Study of the luminescence mechanism in porous silicon structures

Abstract

Measurements of n- and p-type porous silicon indicate no direct correlation between particle size and photoluminescence (PL) energy. Controlled continuous removal of silicon does not result in a continuous PL blueshift, which would be expected in the quantum confinement model. Also, high temperature (1200 °C) anneals of porous silicon lead to a material consisting of 100–200 nm silicon spheres, with very low dangling bond densities, similar to crystalline silicon. This material does not exhibit noticeable PL in the visible range but when dipped in hydrofluoric acid (HF) for 1 s, strong visible PL appears with no structural changes noted. Polysilane/hydride complexes appear with the HF treatment, leading to the conclusion that the visible PL may be the result of a surface phenomenon related to the polysilane/hydride complexes, and not to a bulk Si quantum confinement effect.

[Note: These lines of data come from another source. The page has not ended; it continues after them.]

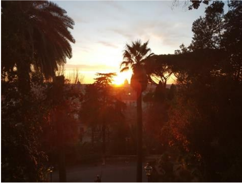
Szent Péter kupolája a téli naplementében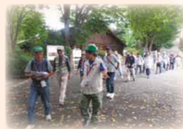
▲本郷地区 レインボーウォーキング 「健康長寿の里：本郷 85歳を元気で迎えよう!」をスローガンに掲げウォーキングに励んでいます。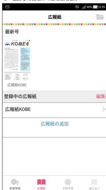
2 登録した自治体の広報紙を表示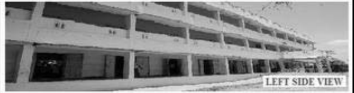
LEFT SIDE VIEW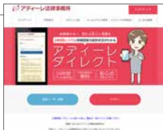
アディーレダイレクトのトップ画面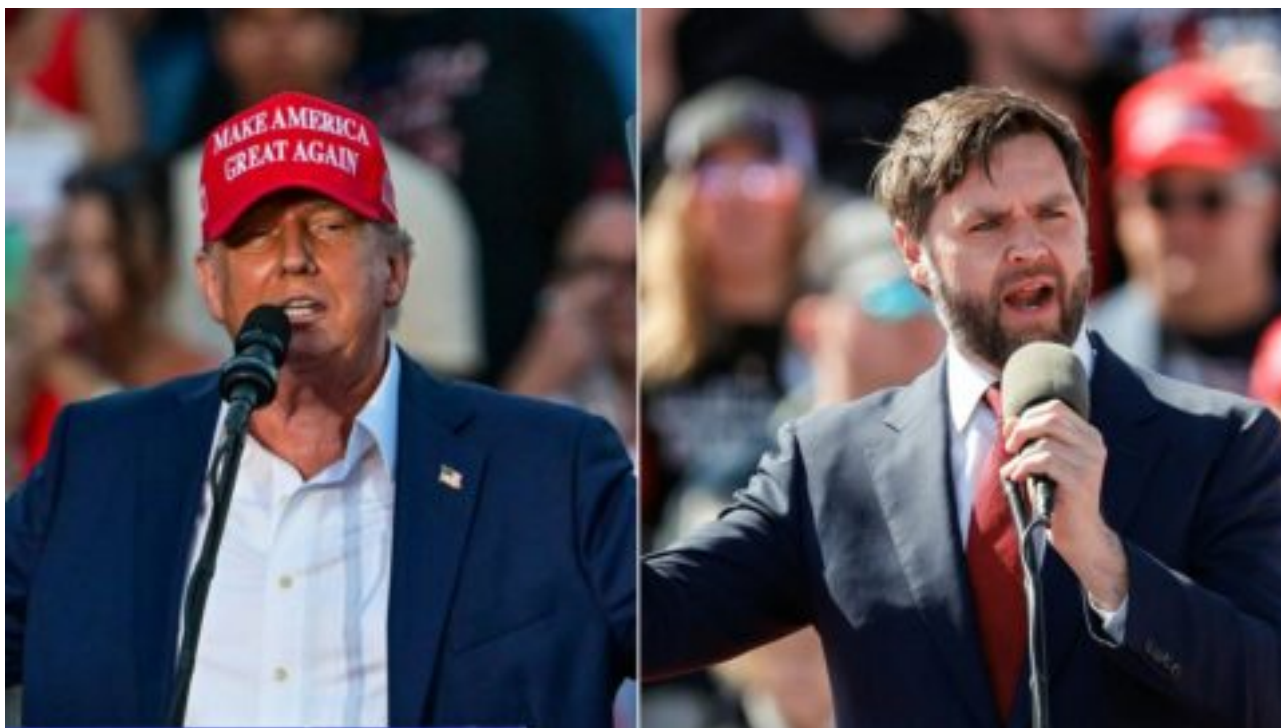
Vidlákova cesta do Washingtonu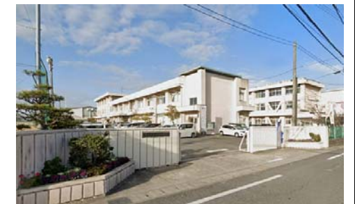
御南中学校 徒歩18分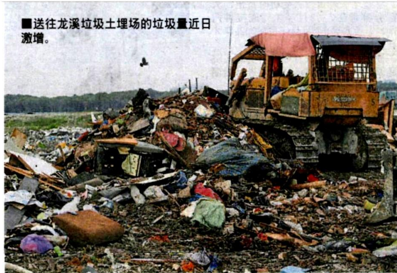
■送往龙溪垃圾土埋场的垃圾量近日激增。

(吉隆坡27日讯) 随著水灾区进行善后工作, 送往龙溪垃圾土埋场的垃圾量, 从每日500吨激增至1500吨!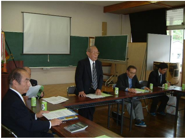
野内前会長が議長として、最後の務めをしました。

5月19日(金)、朝日公民館多目的ホールにて、平成18年度 日田市朝日公民館運営協議会 定期総会が開催され、昨年度の事業報告と会計報告、及び今年度の事業計画と予算案を提案し、全会一致で承認されました。これによりまして今年度の公民館活動が本格的にスタートすることとなりました。 会議では公民館事業について委員から青少年健全育成や成人学習等への質問や今後の問題・対応について活発な意見が交わされました。公民館では地域の皆さんの意見を、これからの公民館活動に生かしたいと思っております。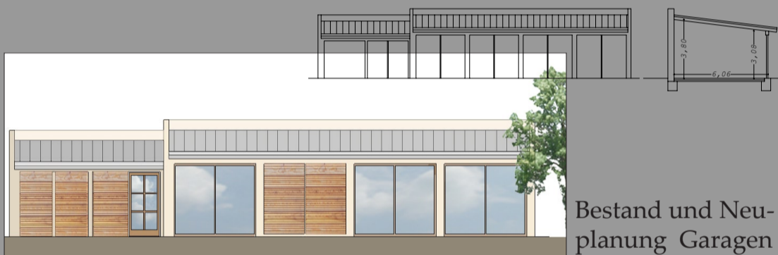
Bestand und Neuplanung Garagen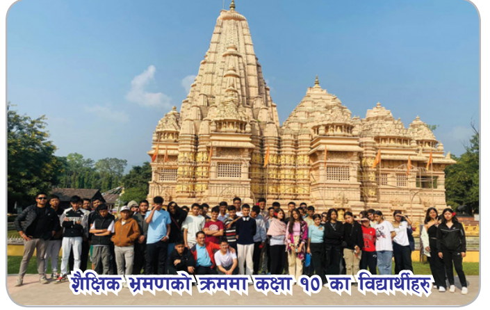
शैक्षिक भ्रमणको क्रममा कक्षा १० का विद्यार्थीहरू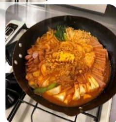
国際料理キッチン のレシピ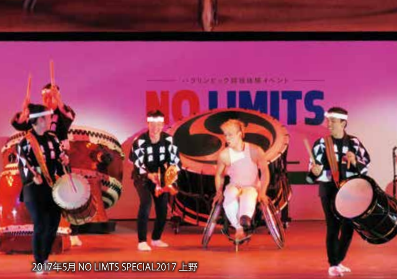
2017年5月 NO LIMITS SPECIAL2017 上野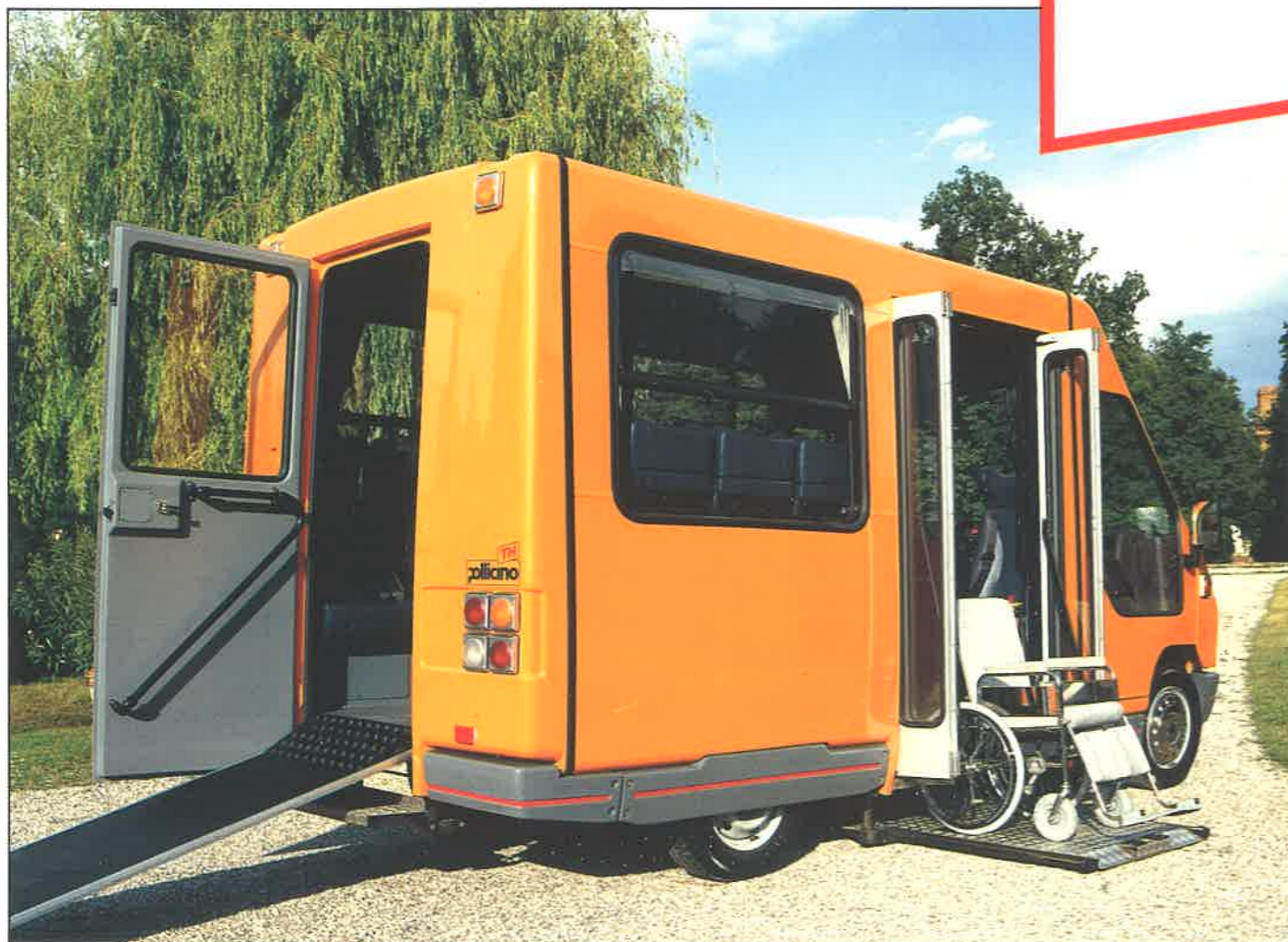
Pollicino TH 11, in "versione finanziabile"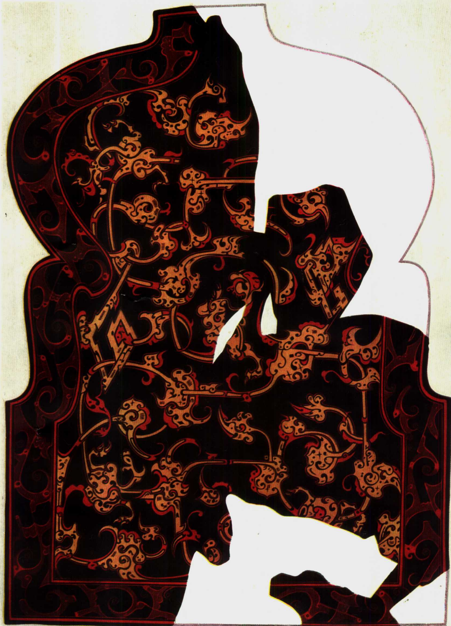
戰國墓(406號)出土漆盾甲, 正面(約 \frac{1}{3} ) (第一次摹本)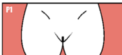
Prepuberal, sin vello púbico

Anneals of porous silicon to 690 °C also show a significant redshifting of the PL, exhibiting identical behavior to measurements of shrinking of the optical bandgap of hydrogenated amorphous silicon (a-Si:H). With these results in mind, a surface related polysilane luminescence mechanism in porous silicon will be discussed, in which the PL energy is a function of H content and the PL intensity is a function of total surface area.